Generic aromatase inhibitors improve adherence by 50%

the ONA take:

According to a new study published in the Journal of the National Cancer Institute, researchers at Columbia University Medical Canter in New York, New York, have found that generic aromatase inhibitors improved treatment adherence by 50% in patients undergoing treatment for hormone receptor-positive breast cancer.

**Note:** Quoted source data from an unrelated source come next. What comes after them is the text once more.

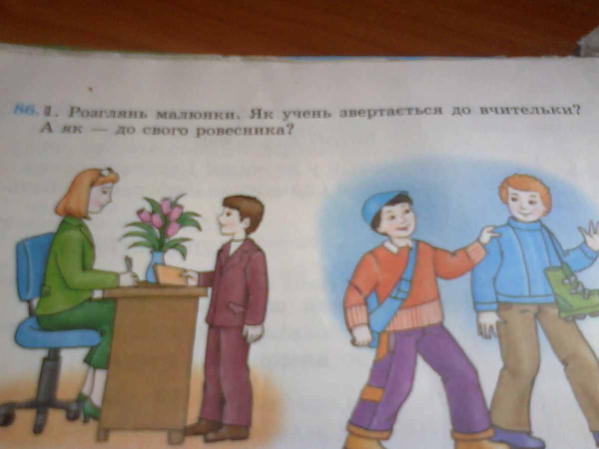 розглянь малюнки.як учень звертається до вчительки?а як до свого ровесника.Вправа 86,рідна мова 3 клас М.С Вашуленко,О.І.Мельничайко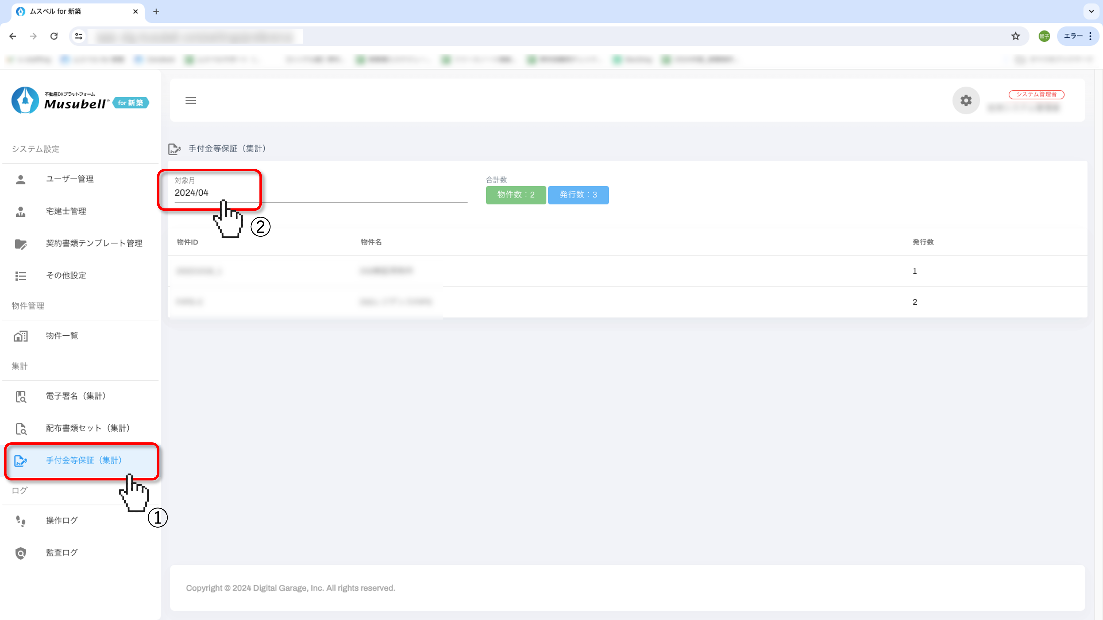 Musubell上で発行された手付金等保証証書の件数を、月ごとに集計して確認することができます。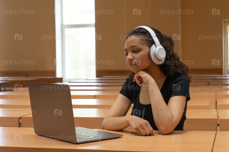 Молодая девушка мулатка в наушниках звонит с ноутбука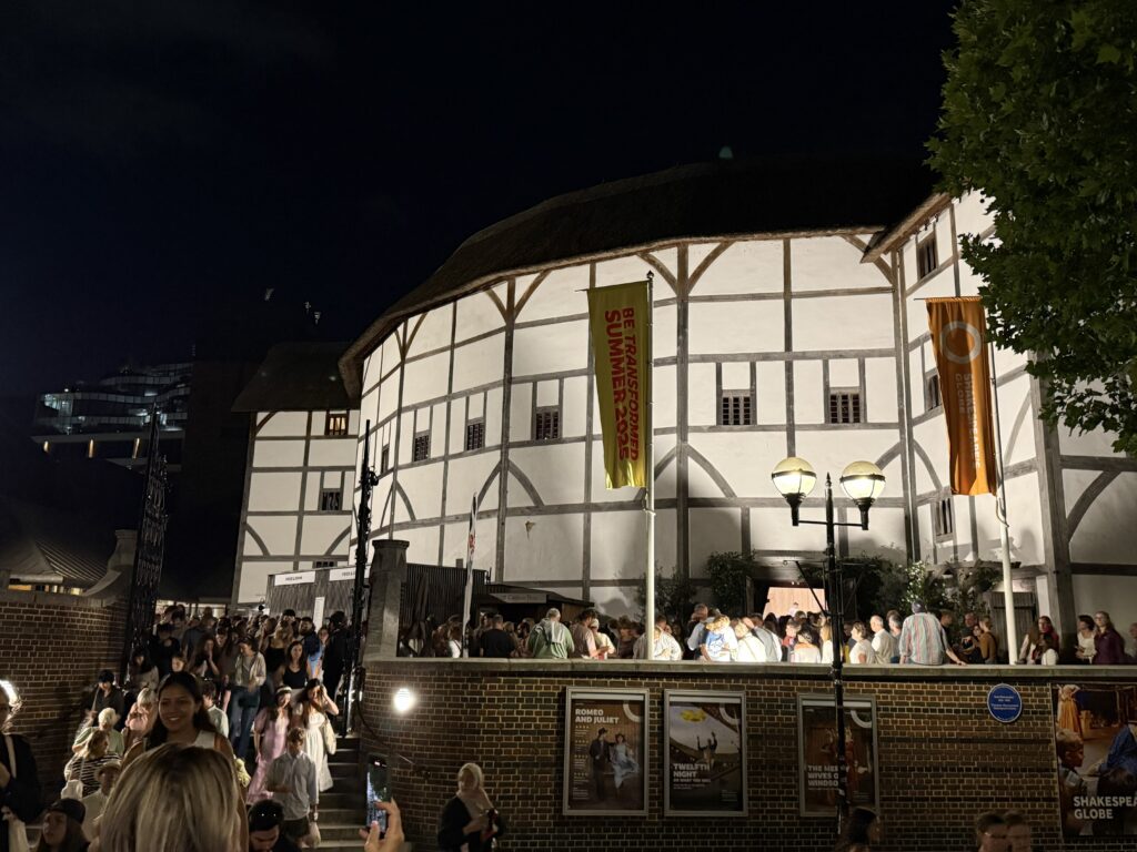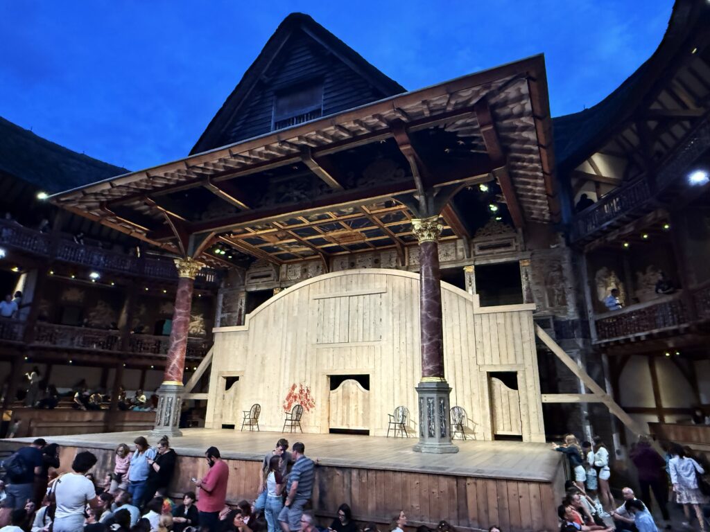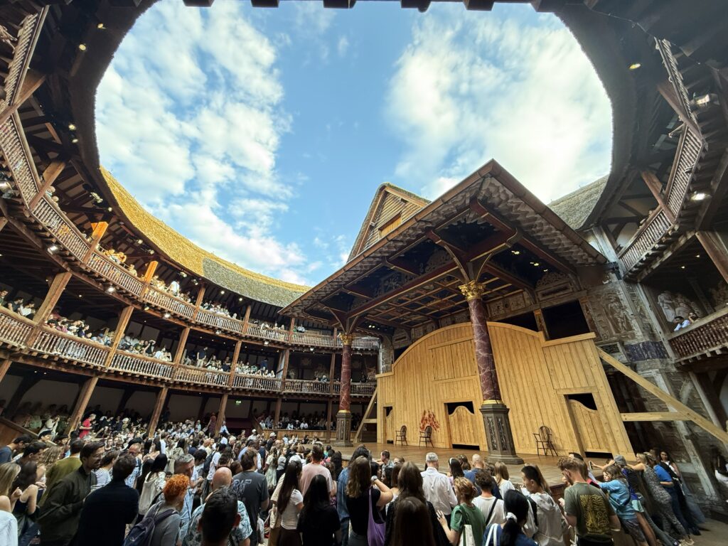 今夜はシェイクスピアズ・グローブで「Romeo and Juliet」。シェイクスピアが活動した400年前のビクトリア朝時代の劇場を再現し、平土間の立ち見エリアと茅葺き屋根が雰囲気を醸す。現代的な演出を付けた演技にはなっているが、この広い屋外劇場で俳優たちはマイクを使わずに声を張って演じる。相当な負担だろう。実際、ロミオ役の俳優は開演時から声がかすれていた。観客にとっても休憩含めて3時間を超える上演時間を背もたれのない木製ベンチに座って観劇するのは、なかなか大変だ。隣に座っていた大柄な観客(クッションなし)は、二幕目が始まっても自席に戻ってこなかった。お尻がもげ取れそうになるので、行く人にはクッション付きチケットの購入をお勧めする。時々上空を横切るジェット機とスマホの着信音を除けば、400年前の空気に浸ることができる。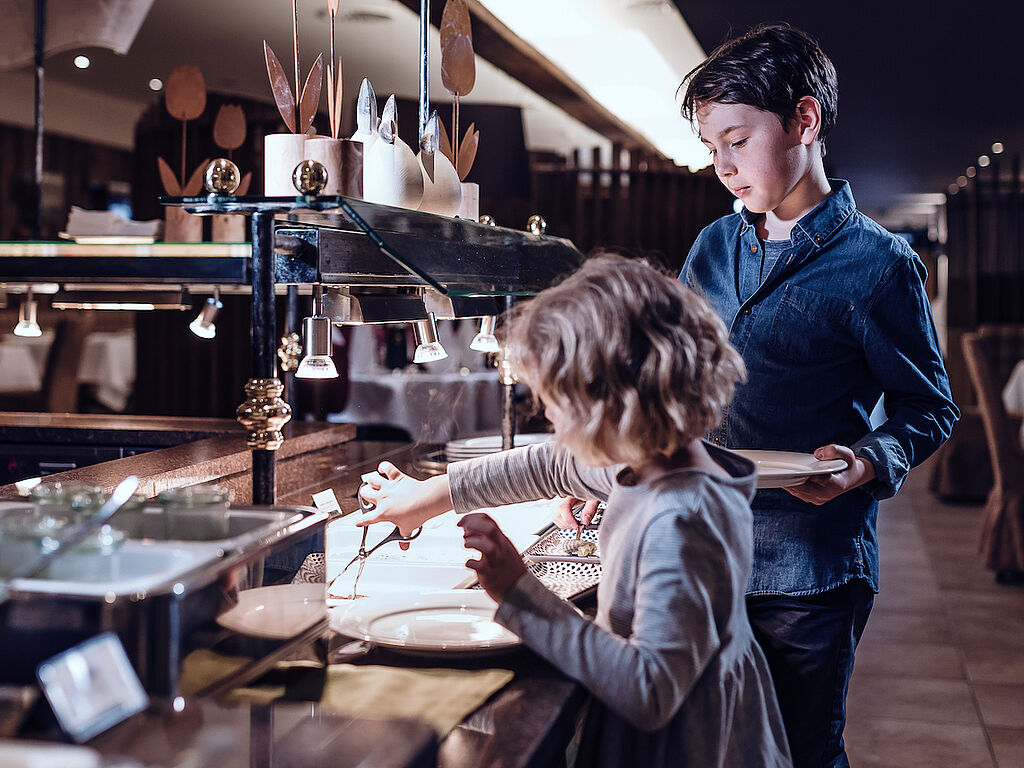 Für jedes Alter. Für jeden Geschmack. Für den kleinen und den großen Hunger. Auch Kinder lieben die vielfältige und gesunde Ellmauhof-Küche, die mit abwechslungsreichen Köstlichkeiten jeden Tag aufs Neue überrascht. Regionalität, vielfältige Geschmacksrichtungen und liebevolle Zubereitung sorgen für hochwertigen Genuss zu jeder Tageszeit: großzügiges Frühstücksbuffet, Mittagsbuffet, nachmittags Brunch, Gourmet-Wahlmenü, Live Cooking und Kinderbuffet zu Mittag und am Abend. Auch die kleinen Gäste erhalten ein umfangreiches Genussangebot mit der Ellmauhof Kids Kost: gesunde, kindgerechte Gerichte, buntes Babybuffet von Hipp, selbstgemachte Breie, frisches Obst und Keks-Allerlei. Mit dem betreutem Kindertisch zu Mittag und am Abend und dem Early Lunch & Dinner Buffet kann der kulinarische Genuss individuell abgestimmt werden.
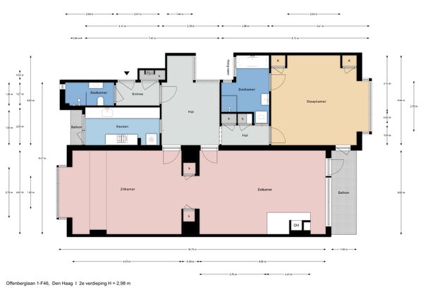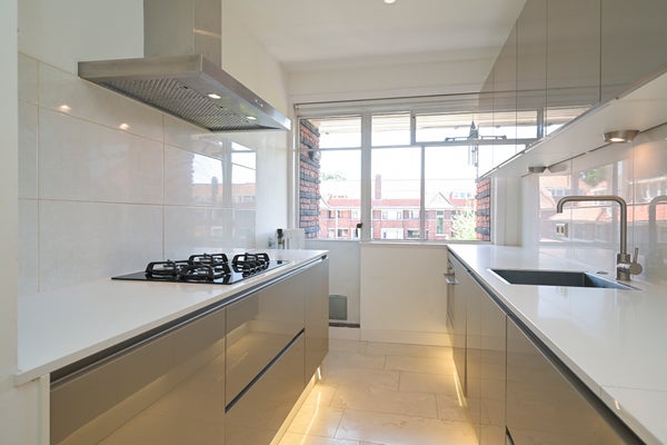 Het appartement beschikt over een ruime hal, een lichte woon-/eetkamer met een open haard en toegang tot een balkon. De moderne keuken is uitgerust met inbouwapparatuur en heeft een klein balkon met uitzicht. Daarnaast zijn er een badkamer met inloopdouche, een lichte slaapkamer met ingebouwde kasten, en een tweede badkamer met douche en ligbad. Met een woonoppervlak van 137 m², een actieve VvE en een eigen parkeerplek biedt dit appartement veel comfort.

Aromatase inhibitors, such as anastrazole, exemestane, and letrozole, are the most common type of hormone therapy used for the treatment of estrogen receptor-positive localized breast cancer, but until 2010, these drugs were brand-name only and were associated with higher co-payments. A previous study found higher co-payments of aromatase inhibitors decreased adherence.

For this study, researchers identified 5,511 women ages 50 and older with early stage breast cancer who received aromatase inhibitors between 2007 and 2012. Results showed that patients taking a generic drug were 50% more adherent to their regimen and 30% less likely to stop treatment early compared with women taking brand name aromatase inhibitors.

The researchers suggest that cost alone was not the reason for non-adherence, but rather when in combination with adverse effects like joint stiffness. The researchers also recommend that physicians reinforce to their patients the importance of remaining adherent to their treatment regimens.

Generic aromatase inhibitors improve adherence by 50%
Aromatase inhibitors improved treatment adherence by 50% in hormone receptor-positive breast cancer.

Although oral hormonal therapy is known to substantially reduce breast cancer recurrence in women with hormone receptor-positive tumors, about one-half of patients fail to take their medications as directed. A new study by Columbia University Medical Center (CUMC) researchers has found that the introduction of generic aromatase inhibitors (the most common type of hormone therapy), which are considerably less expensive than their brand name counterparts, increased treatment adherence by 50 percent.

The study was published today in the online issue of Journal of the National Cancer Institute.